Worm (net worm) - type of the malware extending on network channels, the systems of protection, capable to autonomous overcoming, the automated and computer systems and also to creation and further distribution of the copies not always matching the original, to implementation of other harmful influence.

Content

The main sign on which worms differ among themselves is the method of distribution of a worm. Other signs of distinction are methods of start of the copy of a worm on the infected computer, implementation methods in a system and also the polymorphism, "stealth" and other characteristics inherent and to other types of the malicious software (viruses and the Trojan programs).

Species of worms

Depending on ways of penetration into the operating system worms share on:

  • Mail worms (Mail-Worm) are the worms extending in e-mail message format. At the same time the worm sends or the copy in the form of an investment in the e-mail, or the link to the file located on any network resource (for example, URL on the infected file located on the cracked or hacker website). In the first case the code of a worm becomes more active when opening (start) of the infected investment, in the second — when opening the link to the infected file. In both cases the effect is identical — the code of a worm becomes more active.
  • IM worms (IM-Worm) are the worms using Internet pagers. The known computer worms of this type use the only way of distribution — mailing on the detected contacts (from a contact list) the messages supporting URL on the file located on any Web server. This acceptance almost completely repeats the similar method of mailing which is used mail worms.
  • P2P hearts (P2P-Worm) are hearts, extending by means of peer-to-peer (peer-to-peer) of file exchange networks. The mechanism of work of the majority of similar worms is rather simple — for implementation in P2P-network to a worm to copy itself enough in the directory of file sharing which is usually located by the local machine. The P2P-network undertakes all other work on spread of a virus — by search of files in network she will announce remote users this file and will provide all necessary service for downloading of the file from the infected computer. There are more difficult P2P-hearts which imitate the network protocol of a specific file exchange system and to search queries respond positively — at the same time the worm offers the copy for downloading.
  • Worms in IRC channels (IRC-Worm). This type of worms, as well as at mail worms, has two methods of distribution of a worm on IRC channels repeating the methods described above. The first consists in sending of the URL link to the copy of a worm. The second method — sending of the infected file to any net surfer. At the same time the attacked user should confirm acceptance of the file, then save it on a disk and open (to start on accomplishment).
  • Net worms (Net-Worm) are other net worms among whom it makes sense to select in addition net worms and LAN worms
    • Net worms are the worms using for distribution protocols the Internet. Mainly this type of worms extends using the wrong processing by some applications of basic packets of a stack of protocols of TCP/IP
    • LAN worms are the worms extending under protocols of local networks

Problem solving of security of ICS/SCADA

ICS includes a big segment of a multi-tier architecture of OT covering a set of different types of devices, systems, controls and networks which manage production processes. The most widespread of them are the SCADA systems and distributed control systems (DCS) [1].

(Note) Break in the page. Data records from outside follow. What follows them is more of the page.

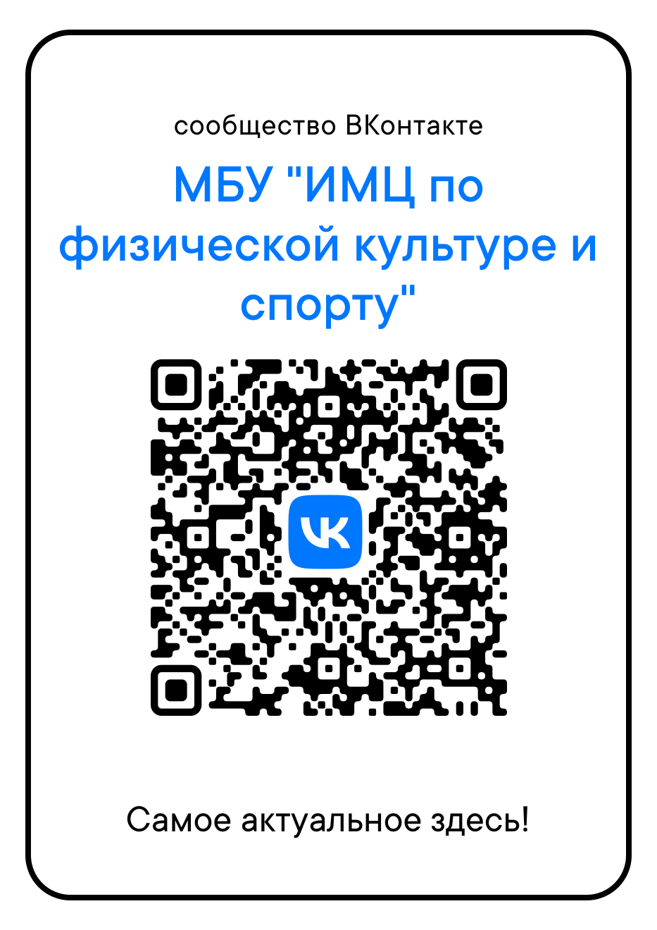 QR-код на официальную страницу МБУ "ИМЦ по ФКиС" в социальной сети ВКонтакте
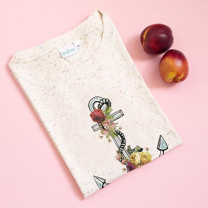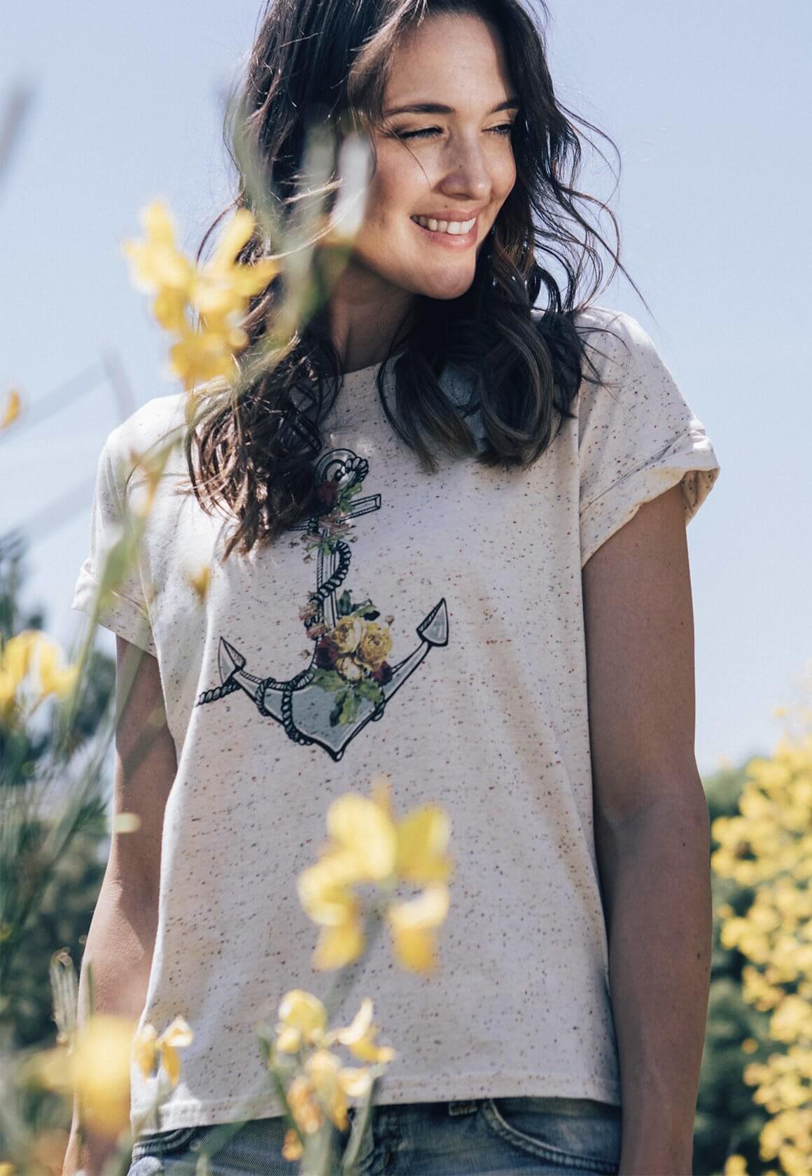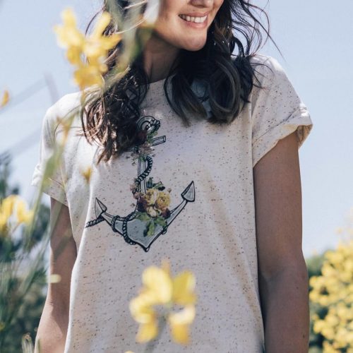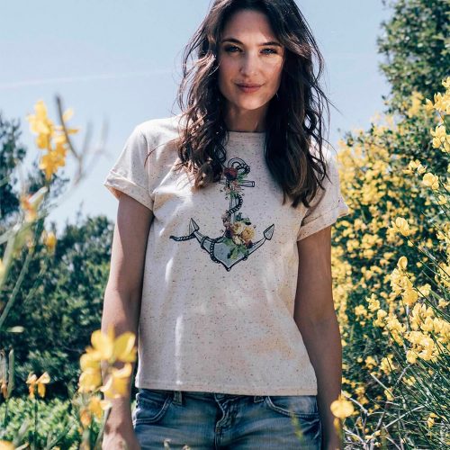 Anchor Speckled Tee made of 96% cotton, 4% polyester. Pair it with your favourite jeans and sneakers or a skirt. Here are some features: Crew neck. Color : cream with multicolor neps. Short and rolled-up sleeves. Boxy fit. This tyle is slightly cropped. Model wears Medium size. Model hight: 173cm / 5’8″. Made with love in Portugal and printed in France. Our recommendations: Wash inside out with similar colors at 30°. Iron inside out at low to medium temperature. No bleaching. Do not iron on decoration directly
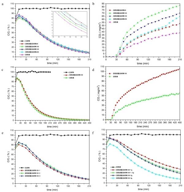 圖3:活性炭樣品去除空氣中甲苯的光催化性能(a)樣品的CO2產率(b)活性炭復合材料和活性炭去除甲苯的性能(c)CO2產率(d)三個循環的穩定性(e)不同用量活性炭復合材料的甲苯去除效率(f)。
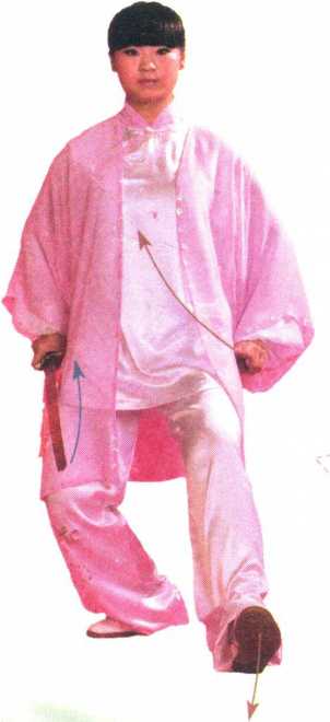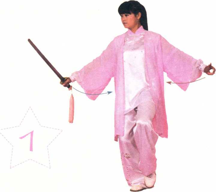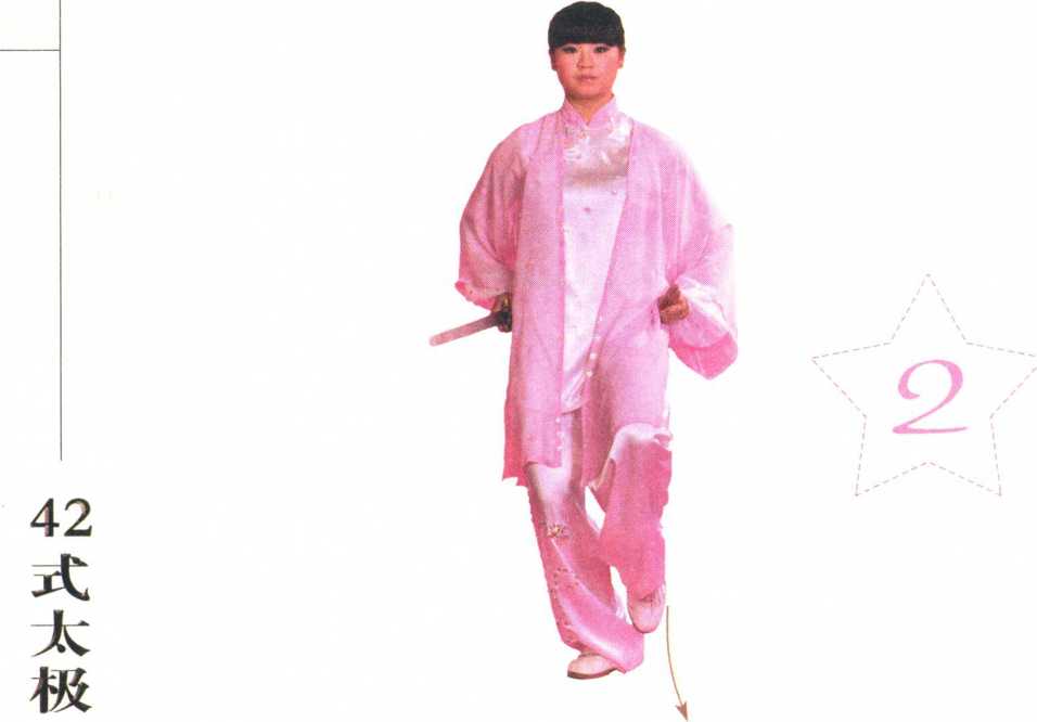 2. 刺剑为立剑,高与肩平。 步方向与起式相同(南)。

Many years most the organizations implement measures for information security support, and here security of OT is a little new territory. With growth of extent of penetration of technologies of industrial Internet of Things (IIoT) and the subsequent convergence of IT/OT of production lost "air gap" which protected their OT systems from hackers and malware. As a result malefactors even more often begin to aim at the OT systems for theft of confidential information, interruption of transaction or commission of acts of cyberterrorism concerning critical infrastructure. Partly it occurs because the existing malware effectively work against the outdated systems unrolled in OT networks which were probably not corrected or updated, considering lack of additional resources on completion.

A number of calls played a role in evolution of cyber attacks which influenced the OT systems for many years. Among them:

  • Insufficiency of inventory of OT devices. The organizations cannot protect assets – whether it be by application of patches or conducting checks of security if they have no full control over Wednesday.
  • Insufficiency of remote access to network. The majority of the technologies which are the cornerstone of ICS are based on the limited physical access and the hidden components and ​​ protocols of communication.
  • Outdated hardware and software. Many ICS and SCADA systems use the outdated hardware or outdated operating systems which are incompatible or too delicate for support of modern technologies of protection. Such equipment in detail in environments where systems cannot be disconnected for correction or updating is frequent.
  • Bad segmentation of network. The OT environments, as a rule, function using installations of full confidence, such model is badly transferred to the new convergent IT/OT environments. Standard practice of safety of separation of networks into the functional segments limiting data and applications which can migrate from one segment in another in ICS in general is used not really often.
  • Limited access control and management of permissions. As earlier isolated or closed systems become interconnected, controls and processes which ordered access, often become tangled.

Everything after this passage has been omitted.